Page 114 of The Best Kind of Bad

Easy for him to say. It’s easy to have a clean conscience when you’re richer than God and haven’t ever gone without. High morals are a luxury.

He clicks his tongue. “Can’t you let that girl go? Can’t you leave them Novaks alone? You’ve leeched enough, don’t you think?”

“Leeched…”

He puts his truck into gear, but keeps his foot on the brake. “If that girl was smart, she’d cut you loose. And if you were a good man, you’d let her go.”

I’d ask him what he knows about being a good man, but it’s not like I know a damn thing about it, either.

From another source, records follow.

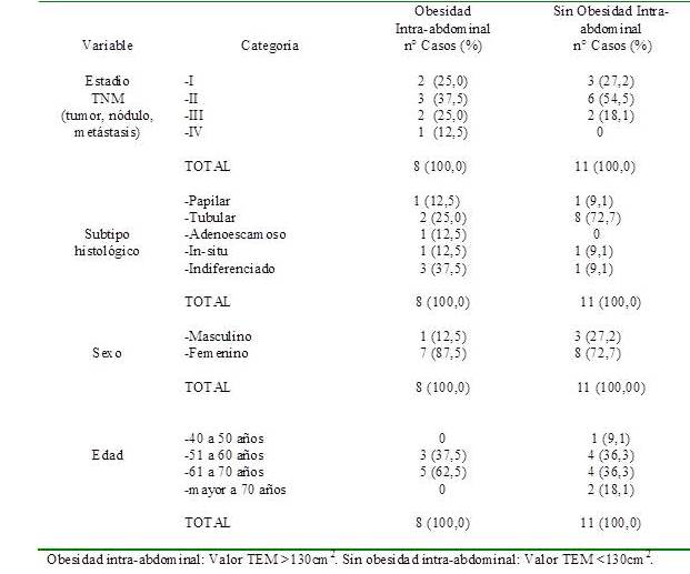 Las características de los pacientes se muestran en el Cuadro 2. Las cuatro variables evaluadas se clasifican según los casos con o sin obesidad intra-abdominal. El estadio clínico II era el que mayor número de casos tenía en cada grupo, con 3 (37,5 %) y 6 (54,5 %), respectivamente. En relación al subtipo histológico, los paciente del grupo con obesidad intra-abdominal tenían mayor casos de carcinomas indiferenciados, con 3 (37,5 %), siendo sólo 1 (9,1 %) en el grupo sin obesidad, donde predominaba el tipo tubular, con 8 (72,7 %). En ambos grupos el sexo femenino tenía mayor frecuencia de casos, con 7 (87,5 %) en los de obesidad intra-abdominal y 8 (72,7 %) en el grupo sin obesidad. Asimismo, el mayor grueso etáreo se hallaba en el intérvalo de 40 a 50 años y 51 a 60 años.
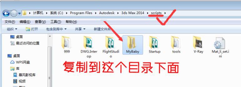 3、将下载的插件神器中的"MyBaby"整个文件夹复制到 max安装目录里的Scripts中
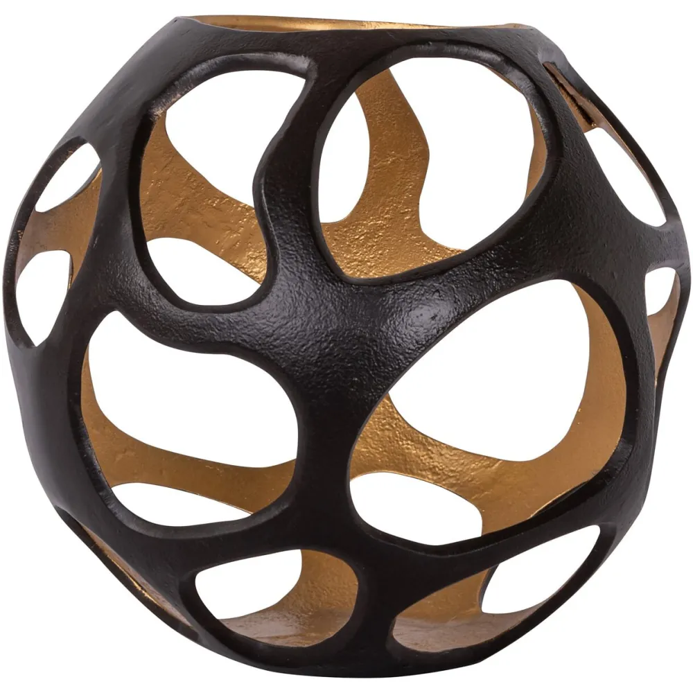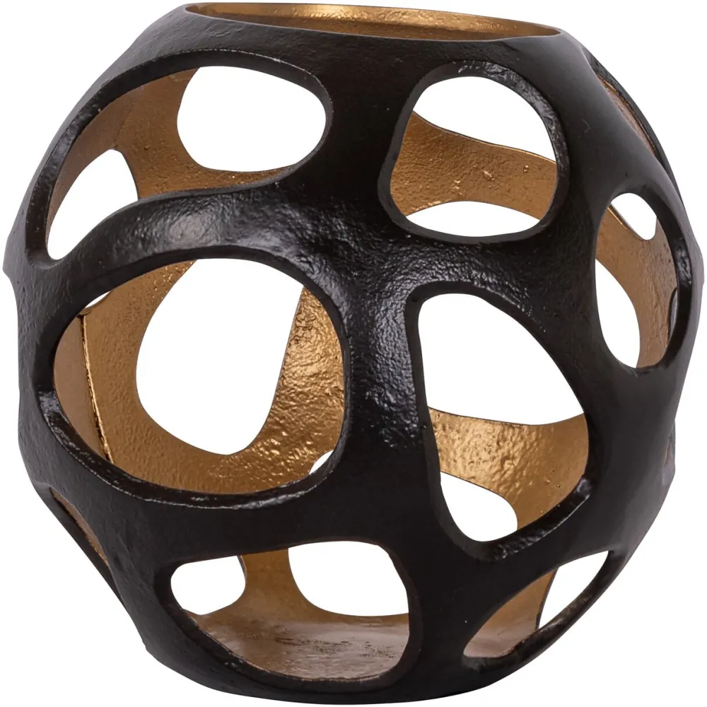 Windlicht Alysia small heeft dezelfde sculpturale uitstraling in een compacter formaat. Een moderne kandelaar met sterk decoratief karakter.

You try and you try, but you can’t outrun your roots. They bind you. Trap you.

And no matter how hard you pull, those roots run deep. There’s no escape.

Jerry drives away.

I turn into the lane and park the truck.

Marnie and the dog stand by the back door.

Ed trots up to me. I lean down, petting his head, avoiding looking at Marnie.

Eventually, I peer up at her. She looks madder than hell. I stand, ready to face the music, even if my heart is shredded.

She pauses, just out of reach, frowning up at me. I’m trying to gather my words, to form them around some sort of apology, some kind of explanation.

She launches into me, wrapping me up in that signature bear hug of hers. So fierce and tight for such a little thing. She presses her cheeks against my chest. “Fucking Jerry Lind. That asshole.”

“Marnie…” My voice breaks, like waves against a rock. “I’m sorry…I should have told you.”

She hooks her hands around my neck and pulls me down, kissing me hard. It’s bruised lips and teeth. Frustration and loss and love. Deep, bottomless love.

She pulls back, staring up at me with those honey-colored eyes. “You can tell me now. If you want. And I’ll listen to every word, baby. But you don’t need to say you’re sorry. Don’t ever let them bring you to your knees. You’re too good for that.”

My eyes burn and my throat gets thick.

I won’t cry in front of her, but damned if I don’t want to.

75.

Marnie

Love and life and secrets go hand in hand.

You hold your hand of cards close to your chest. The trick is knowing how and when to show them.

Dusty told me his worst secret, and it didn’t change a thing.

If anything, my love runs deeper. I didn’t know how bad it was for him and Sienna. He’s not one to burden people with his problems.

Maybe if he was willing to ask for help, he wouldn’t have felt driven to those desperate lengths. I don’t care what anyone else thinks, there’s a bravery and an honor in the choices he made. He sacrificed himself, his name, his future, for his mother and sister. And I’m not going to punish him for that.

Still, clearing the air doesn’t always make it easier to breathe.

We were already in a funky place when I got the call from Glenna.

It will be my first funeral as a baker in Silver Bend.

And for a sixteen-year-old boy who played violin like an angel.